VIII. CHALLENGES AND FUTURE SCOPE
The challenges faced by the project include technical complexity in integrating various technologies, ensuring accuracy and reliability of image captioning, designing an intuitive user interface, managing battery life and portability, addressing accessibility needs, balancing cost and affordability, complying with regulations, and gathering user feedback for iterative development. These challenges require a multidisciplinary approach and commitment to user-centered design principles to overcome and create a transformative reading device for visually impaired individuals.

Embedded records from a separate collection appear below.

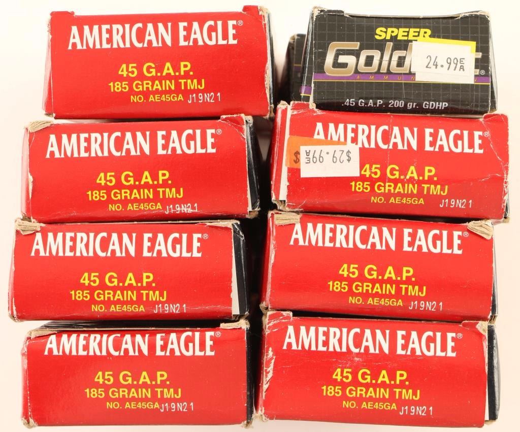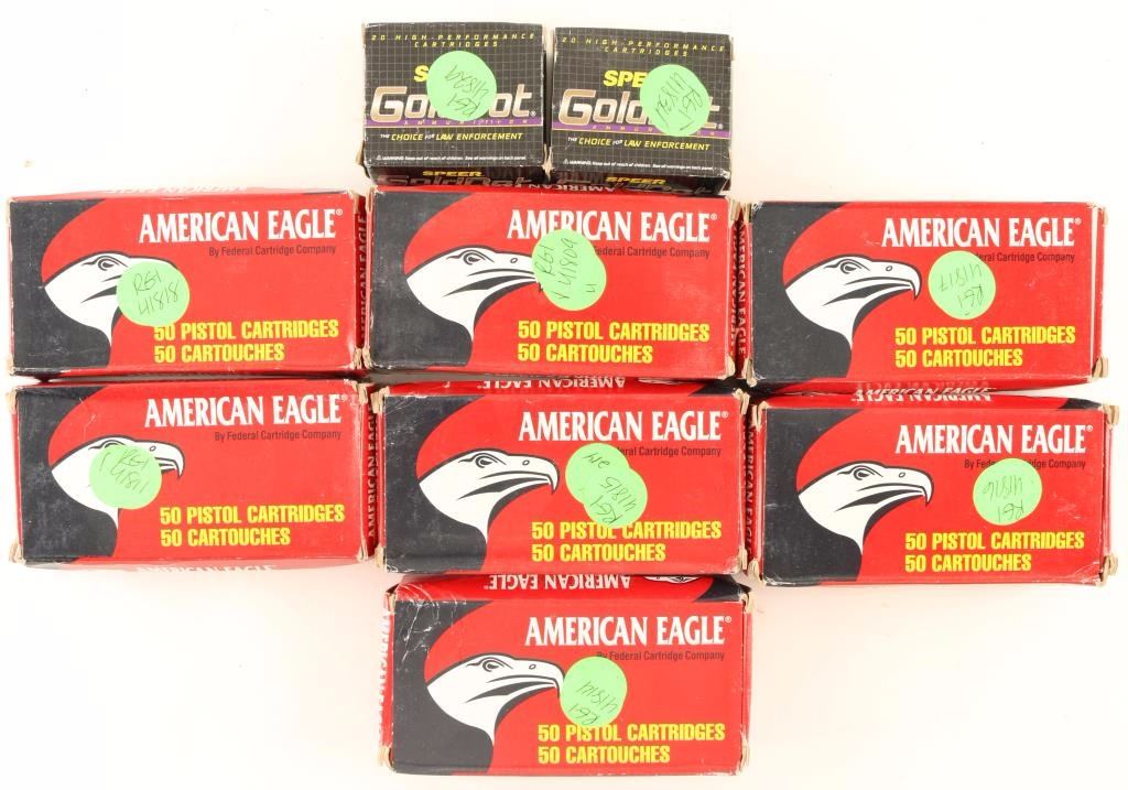 Seven boxes (350 rounds) of American Eagle and two boxes (40 rounds) of Speer Gold Dot. 390 total cartridges.
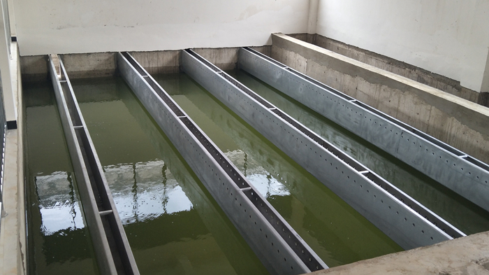 水的流動由水平方向進入沉淀池,進水區(qū)主要為穿孔墻、槽壁及下流斜管入水,使水流均勻分布在池寬方向,其要求及規(guī)劃安排與平流式沉淀池相同。為使上向流斜管均勻地流出,必須在斜管下面堅持一定的配水區(qū)高度,使進口斷面處的流速不大于0.02~0.05m/s。
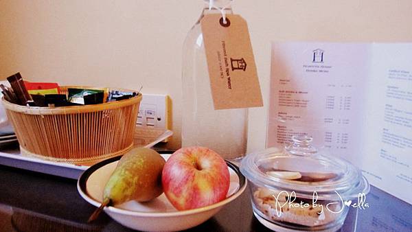 滿滿一小籃茶包咖啡包與巧克力,玻璃盆裝新鮮手作餅乾,還有迎賓水果與礦泉水。
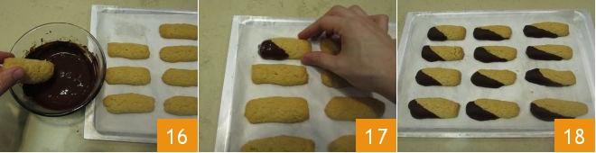 then divide them into cigars about 3 inches long and weighing approximately ½ oz each 10: with these quantities, you should get about 42 cookies. Transfer the obtained cigars onto a baking sheet lined with parchment paper 11 and bake the cookies in the preheated static oven for 15 minutes at 375°F. Once baked, remove the cookies from the oven 12 and let them cool slightly.
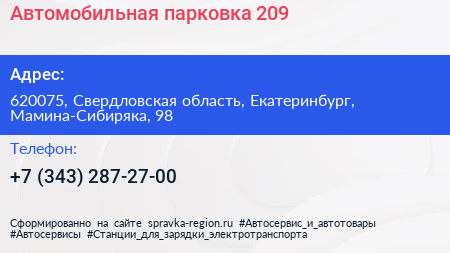 Автомобильная парковка №209 по адресу 620075, Свердловская область, Екатеринбург, Мамина-Сибиряка, 98 в дальнейшем Организация, размещена в следующих категориях:
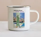 Immergetevi nel vibrante paesaggio urbano di New York con questo straordinario poster d'epoca dell'acclamato artista David Klein. Creato per American Airlines, l'opera d'arte mostra una Statua della Libertà splendidamente stilizzata e astratta in primo piano, con il vivace skyline di New York e un piroscafo sullo sfondo. Un jet dell'American Airlines si staglia nel cielo, a simboleggiare la facilità dei moderni viaggi aerei. Le texture ricche, le pennellate decise e l'estetica di metà secolo ne fanno un pezzo unico. Questo poster digitale ad alta risoluzione (7000x5000 pixel, 300 dpi) cattura perfettamente lo stile caratteristico di Klein.
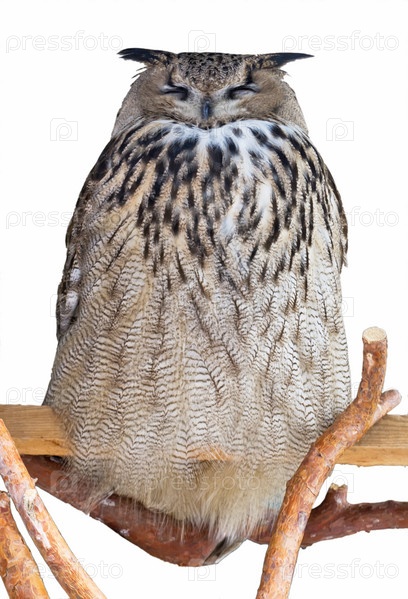 Сова с закрытыми глазами на ветке

the future scope of the project includes ongoing enhancement of features, miniaturization of hardware, integration with wearable technology, fostering collaborative platforms, personalization options, educational tools, remote assistance capabilities, and ensuring global accessibility. These advancements aim to continuously improve the reading experience and overall quality of life for visually impaired individuals.
In conclusion, the development of a wearable reader utilizing a high-resolution miniature camera, Raspberry Pi microcontroller, and vibration motors represents a pioneering solution to address the limitations faced by visually impaired individuals in accessing printed text. By enabling real-time image capture and processing, the device converts printed text into computerized format, enhancing accessibility and expanding learning resources beyond those available in Braille. The incorporation of tactile feedback through vibration motors aids users in maintaining reading orientation, while the conversion of text to audible speech offers a hands-free and versatile reading experience. This innovative device holds great potential to empower visually impaired users with increased independence and access to a diverse range of educational materials, thereby fostering greater inclusivity and opportunities for learning.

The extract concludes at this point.